Contact : mutineriealamutinerie@riseup.net.

Notes

[2] Echanger les heures de travail à la dernière minute, prendre le travail des autres à leur guise et en fonction de la pénibilité, ne jamais travailler seul-e. Pire, quand on est clientes, nous demander de les remplacer plusieurs fois dans la même soirée, de changer les fûts ou de gérer les livraisons à leur place… C’est la culture du ressenti qui ne s’applique qu’à certaines personnes, empathie sélective.
[3] Des indemnités personnelles, des dates en plus pour certaines, des pseudos travaux de bricolage, de rangement, de ménage…

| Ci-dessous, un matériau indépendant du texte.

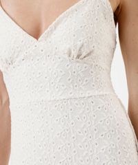 Vestido longo feminino confeccionado em malha laise com bordados vazados. A peça tem modelagem acinturada, caimento rodado e solto ao corpo. O modelo tem decote V, franzidos no busto, alças finas ajustáveis e fechamento por amarração posterior. Possui forro e acabamento pespontado na barra.

[4] L’une d’entre nous a été accusée à tort d’avoir eu des rapports sexuels dans la réserve pendant que la police fouillait le bar et/ou abandonnant le bar laissant les clients se servir…
[5] Des membres de l’équipe gérante ont toujours refusé, jusqu’à aujourd’hui, d’adresser la parole à certaines d’entre nous. Pour appuyer ces fausses accusations, menace de recourir à des soi-disant « témoins » de vols, d’agression sur une membre de l’équipe, de mauvais travail, de non professionnalisme et même d’accusations de comportements abusifs !!!
[6] A. Memmi, Portrait du colonisé, Portrait du colonisateur, Edition Corréa, 1957.